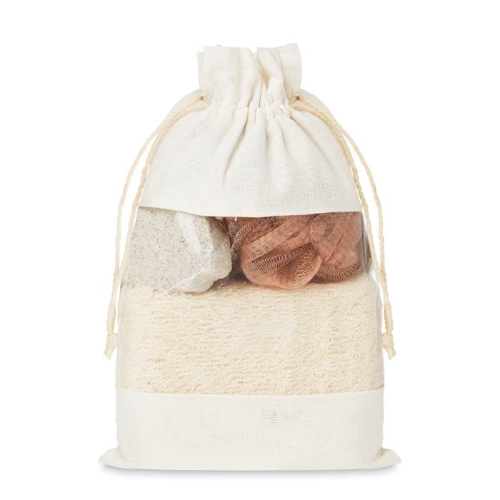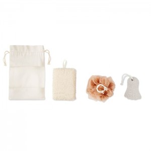 | Popis | Koupelnová souprava včetně houby, pemzy a žínky v jutové tašce s okénkem z PEVA. |
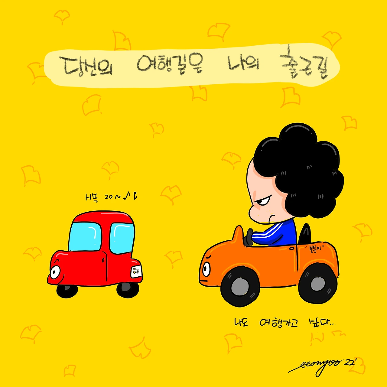 전국구 관광도시의 위엄 답게 평일 아침에도 관광객들로 가득찬 시내. 왠만하면 주말엔 그쪽길을 피해보지만 출근을 해야하는 경우는 어쩔 수 없다. 그러다 시속 20키로 미만으로 달리는 관광객 차들을 만나면 조급한 맘에 부글부글 하면서도 한편 부러운 마음이 든다. 여행지에 살면 매일이 여행 이어야 하는데…그런 이상적인 마음가짐이 들면 세상 사는게 얼마나 편할까. 그러나 결단코 나는 아니다. 그저 오늘은 시속 20을 만나지 않기를 바랄뿐. 당신의 여행길, 나의 출근길.
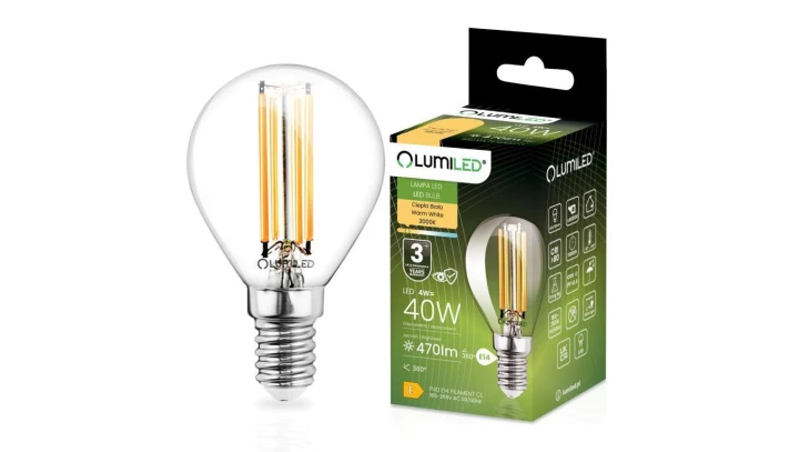 Żarówka LED E14 Kulka P45 4W = 40W 470lm 3000K Ciepła 360 FILAMENT LUMILED
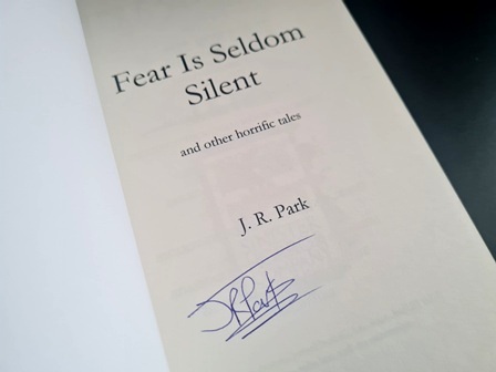 First published back in December 2016, British author J.R. Park’s ‘Fear Is Seldom Silent’ was penned as a challenge to create four stories with randomly pre-selected objects. The book was created as a gift to friends over Christmas 2016, with a few given away to competition winners in January 2017. Only ten copies of the book were printed.
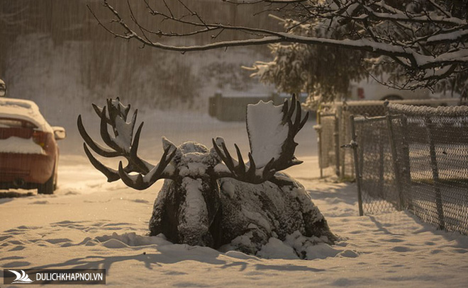 Bức ảnh của Ryan Miller chụp một chú nai sừng tấm nằm nghỉ trên tuyết lạnh ở thành phố Anchorage, Alaska.
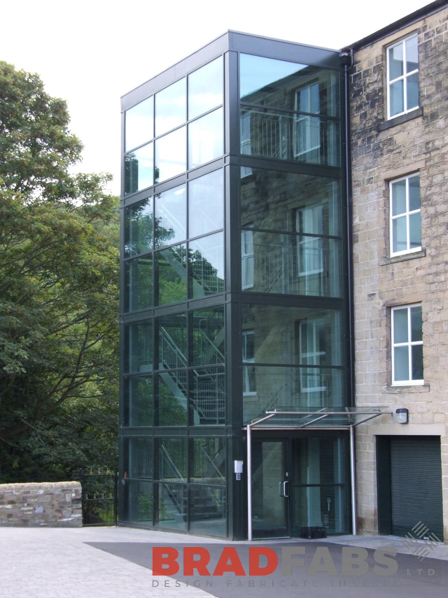 This doorway entrance canopy is fabricated in satin polished stainless steel tube with a toughened glass roof. This one off glass canopy is installed on the front of a large staircase at the entrance of a mill conversion in Pudsey, Leeds, West Yorkshire
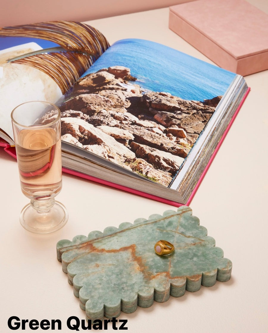 Curves in all the right places. A scalloped profile non scratch tray or book end designed to display your favourite everyday rituals such as jewellery, skin care, beverage sipping, glistening candles or even a trinket tray. When placed standing these pieces can also act as a book end. The options are endless.
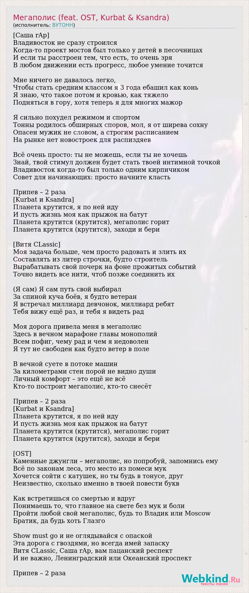 [Саша rAp] Владивосток не сразу строился Когда-то проект мостов был только у детей в песочницах И если ты расстроен тем, что есть, то очень зря В любом движении есть прогресс, любое умение точится Мне ничего не давалось легко, Чтобы стать средним классом я 3 года ебашил как конь Я знаю, что такое потом и кровью, как тяжело Подняться в гору, хотя теперь я для многих мажор Я сильно похудел режимом и спортом Тонны родилось обширных споров, мол, я от ширева сохну Опасен мужик не словом, а строгим расписанием На рынке нет новостроек для распиздяев Всё очень просто: ты не можешь, если ты не хочешь Знай, твой стимул должен будет стать твоей интимной точкой Владивосток когда-то был только одним кирпичиком Совет для начинающих: просто начните класть Припев – 2 раза [Kurbat и Ksandra] Планета крутится, я по ней иду И пусть жизнь моя как прыжок на батут Планета крутится (крутится), мегаполис горит Планета крутится (крутится), заходи и бери [Витя CLassic] Моя задача больше, чем просто радовать и злить их Составлять из литер строчки, будто строитель Вырабатывать свой почерк на фоне прожитых событий Точно видеть все нити, чтоб позже соединить их (Я сам) Я сам путь свой выбирал За спиной куча боёв, я будто ветеран Я встречал миллиард девчонок, миллиард ребят Тебя вижу ещё раз, и тебя я видеть рад Моя дорога привела меня в мегаполис Здесь в вечном марафоне главы монополий Всем пофиг, чему рад и чем я недоволен Я тут не свободен как будто ветер в поле В вечной суете в потоке машин За километрами стен порой не видно души Личный комфорт – это ещё не всё Кто-то построит мегаполис, кто-то снесёт Припев – 2 раза [Kurbat и Ksandra] Планета крутится, я по ней иду И пусть жизнь моя как прыжок на батут Планета крутится (крутится), мегаполис горит Планета крутится (крутится), заходи и бери [OST] Каменные джунгли – мегаполис, но попробуй, запомнись ему Всё по законам леса, это место из помеси мук Хочется сойти с катушек, но ты будь в тонусе, друг Неизвестно, сколько именно в твоей повести букв Как встретишься со смертью и вдруг Понимаешь то, что главное на свете без мук и боли Пройти любой свой мегаполис, будь то Владик или Moscow Братик, да будь хоть Глазго Show must go и не оглядывайся с опаской Эта дорога с гвоздями, но всегда имей запаску Витя CLassic, Саша rAp, вам пацанский респект И не важно, Ленинградский или Океанский проспект Припев – 2 раза
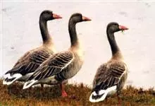灰雁:体长70-90厘米,翼展147-182厘米,体重2.5-4千克,寿命17年。体大而肥胖。嘴、脚肉色,上体灰褐色,下体污白色,飞行时双翼拍打用力,振翅频率高。脖子较长。腿位于身体的中心支点,…全部>>
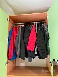 -Un armadio a 6 ante con: 5 ripiani con attaccapanni + 1 vuota e 4 cassetti color “zucca”
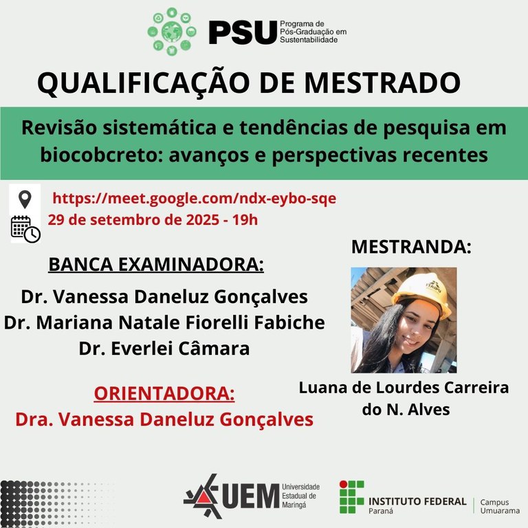 29/09/2025 - QUALIFICAÇÃO DE MESTRADO - Mestranda: Luana de Lourdes C. do Nascimento Alves - Orientadora: Dra. VanessanDaneluz Gonçalves
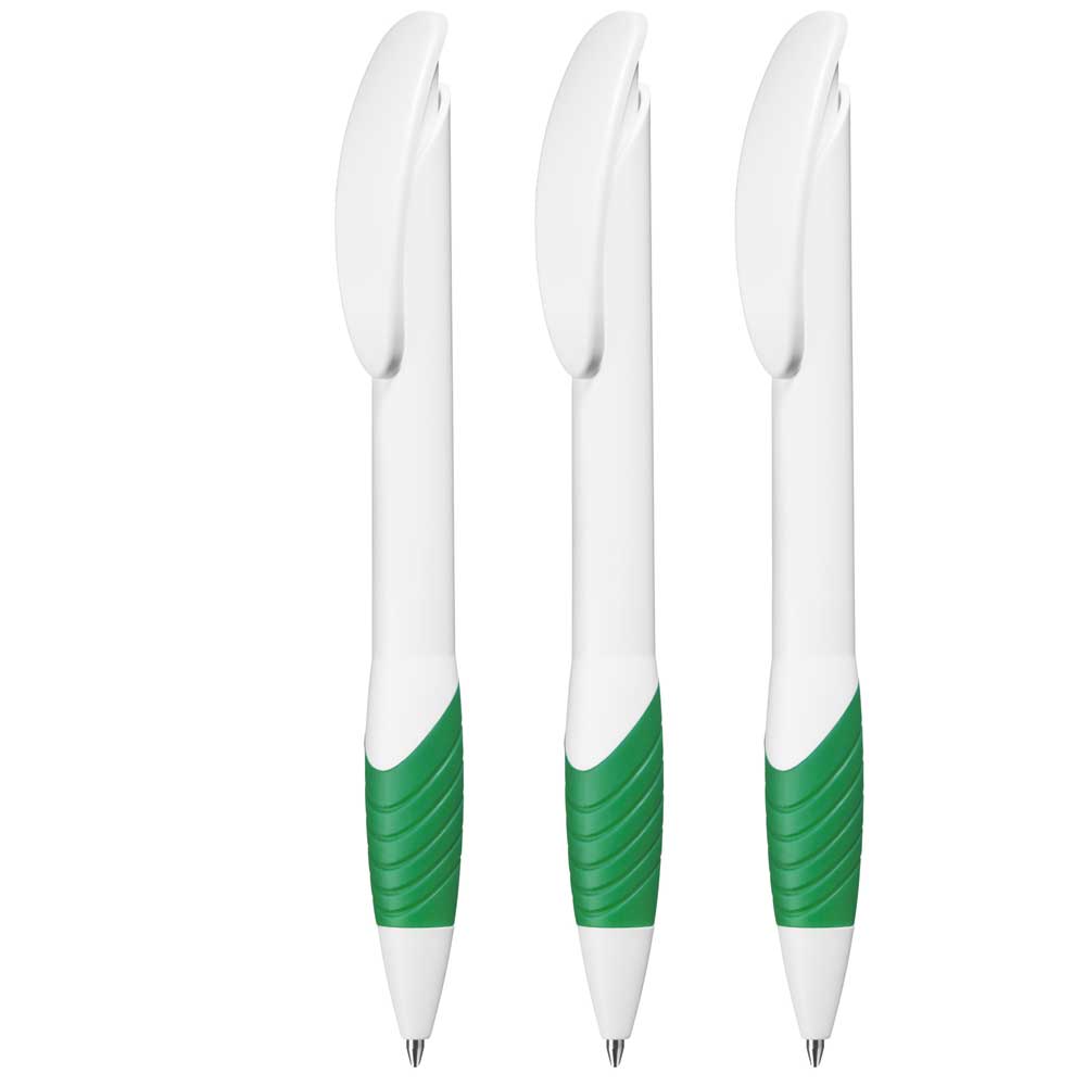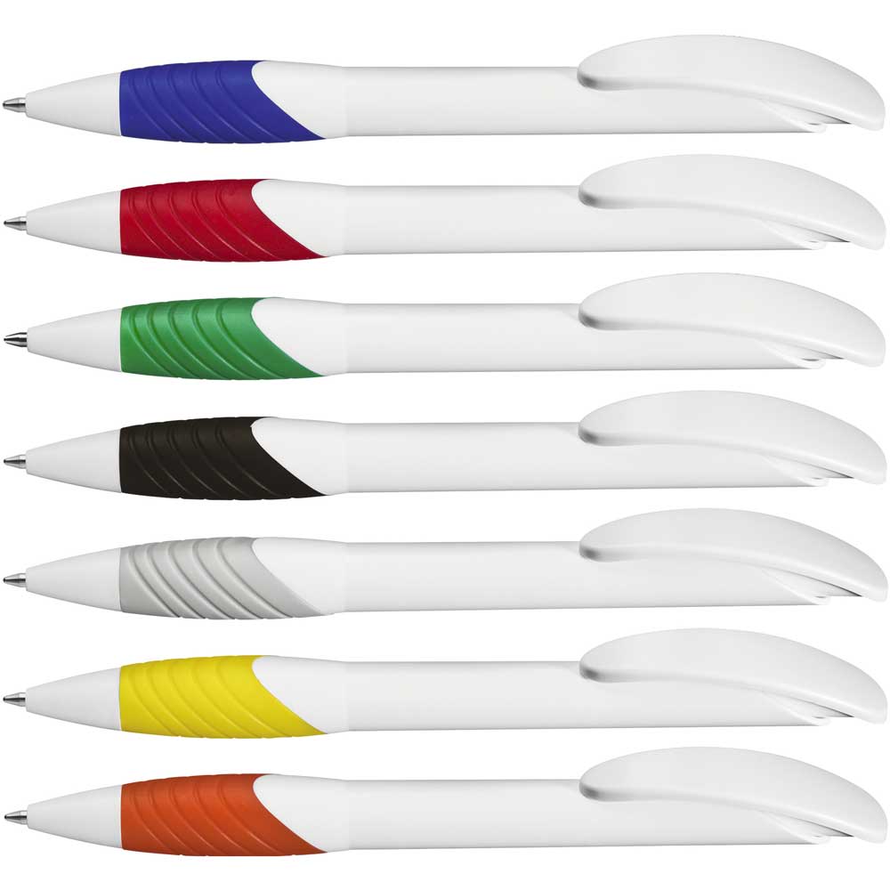Druckkugelschreiber mit weißem matten Gehäuse und Bogenclipdrücker. Ergonomische Gummigriffzone in gedeckten Farben.
┄┄┄┄┄┄┄┄┄┄┄┄┄┄┄┄┄┄┄┄
(TASK TO CARRY OUT) All entries above should be printed exactly, though without their pictures.

(RESPONSE AREA)
 | Popis | Koupelnová souprava včetně houby, pemzy a žínky v jutové tašce s okénkem z PEVA. |
 전국구 관광도시의 위엄 답게 평일 아침에도 관광객들로 가득찬 시내. 왠만하면 주말엔 그쪽길을 피해보지만 출근을 해야하는 경우는 어쩔 수 없다. 그러다 시속 20키로 미만으로 달리는 관광객 차들을 만나면 조급한 맘에 부글부글 하면서도 한편 부러운 마음이 든다. 여행지에 살면 매일이 여행 이어야 하는데…그런 이상적인 마음가짐이 들면 세상 사는게 얼마나 편할까. 그러나 결단코 나는 아니다. 그저 오늘은 시속 20을 만나지 않기를 바랄뿐. 당신의 여행길, 나의 출근길.
 Żarówka LED E14 Kulka P45 4W = 40W 470lm 3000K Ciepła 360 FILAMENT LUMILED
 First published back in December 2016, British author J.R. Park’s ‘Fear Is Seldom Silent’ was penned as a challenge to create four stories with randomly pre-selected objects. The book was created as a gift to friends over Christmas 2016, with a few given away to competition winners in January 2017. Only ten copies of the book were printed.
 Bức ảnh của Ryan Miller chụp một chú nai sừng tấm nằm nghỉ trên tuyết lạnh ở thành phố Anchorage, Alaska.
 This doorway entrance canopy is fabricated in satin polished stainless steel tube with a toughened glass roof. This one off glass canopy is installed on the front of a large staircase at the entrance of a mill conversion in Pudsey, Leeds, West Yorkshire
 Curves in all the right places. A scalloped profile non scratch tray or book end designed to display your favourite everyday rituals such as jewellery, skin care, beverage sipping, glistening candles or even a trinket tray. When placed standing these pieces can also act as a book end. The options are endless.
 [Саша rAp] Владивосток не сразу строился Когда-то проект мостов был только у детей в песочницах И если ты расстроен тем, что есть, то очень зря В любом движении есть прогресс, любое умение точится Мне ничего не давалось легко, Чтобы стать средним классом я 3 года ебашил как конь Я знаю, что такое потом и кровью, как тяжело Подняться в гору, хотя теперь я для многих мажор Я сильно похудел режимом и спортом Тонны родилось обширных споров, мол, я от ширева сохну Опасен мужик не словом, а строгим расписанием На рынке нет новостроек для распиздяев Всё очень просто: ты не можешь, если ты не хочешь Знай, твой стимул должен будет стать твоей интимной точкой Владивосток когда-то был только одним кирпичиком Совет для начинающих: просто начните класть Припев – 2 раза [Kurbat и Ksandra] Планета крутится, я по ней иду И пусть жизнь моя как прыжок на батут Планета крутится (крутится), мегаполис горит Планета крутится (крутится), заходи и бери [Витя CLassic] Моя задача больше, чем просто радовать и злить их Составлять из литер строчки, будто строитель Вырабатывать свой почерк на фоне прожитых событий Точно видеть все нити, чтоб позже соединить их (Я сам) Я сам путь свой выбирал За спиной куча боёв, я будто ветеран Я встречал миллиард девчонок, миллиард ребят Тебя вижу ещё раз, и тебя я видеть рад Моя дорога привела меня в мегаполис Здесь в вечном марафоне главы монополий Всем пофиг, чему рад и чем я недоволен Я тут не свободен как будто ветер в поле В вечной суете в потоке машин За километрами стен порой не видно души Личный комфорт – это ещё не всё Кто-то построит мегаполис, кто-то снесёт Припев – 2 раза [Kurbat и Ksandra] Планета крутится, я по ней иду И пусть жизнь моя как прыжок на батут Планета крутится (крутится), мегаполис горит Планета крутится (крутится), заходи и бери [OST] Каменные джунгли – мегаполис, но попробуй, запомнись ему Всё по законам леса, это место из помеси мук Хочется сойти с катушек, но ты будь в тонусе, друг Неизвестно, сколько именно в твоей повести букв Как встретишься со смертью и вдруг Понимаешь то, что главное на свете без мук и боли Пройти любой свой мегаполис, будь то Владик или Moscow Братик, да будь хоть Глазго Show must go и не оглядывайся с опаской Эта дорога с гвоздями, но всегда имей запаску Витя CLassic, Саша rAp, вам пацанский респект И не важно, Ленинградский или Океанский проспект Припев – 2 раза
灰雁:体长70-90厘米,翼展147-182厘米,体重2.5-4千克,寿命17年。体大而肥胖。嘴、脚肉色,上体灰褐色,下体污白色,飞行时双翼拍打用力,振翅频率高。脖子较长。腿位于身体的中心支点,…全部>>
 -Un armadio a 6 ante con: 5 ripiani con attaccapanni + 1 vuota e 4 cassetti color “zucca”
 29/09/2025 - QUALIFICAÇÃO DE MESTRADO - Mestranda: Luana de Lourdes C. do Nascimento Alves - Orientadora: Dra. VanessanDaneluz Gonçalves
Druckkugelschreiber mit weißem matten Gehäuse und Bogenclipdrücker. Ergonomische Gummigriffzone in gedeckten Farben.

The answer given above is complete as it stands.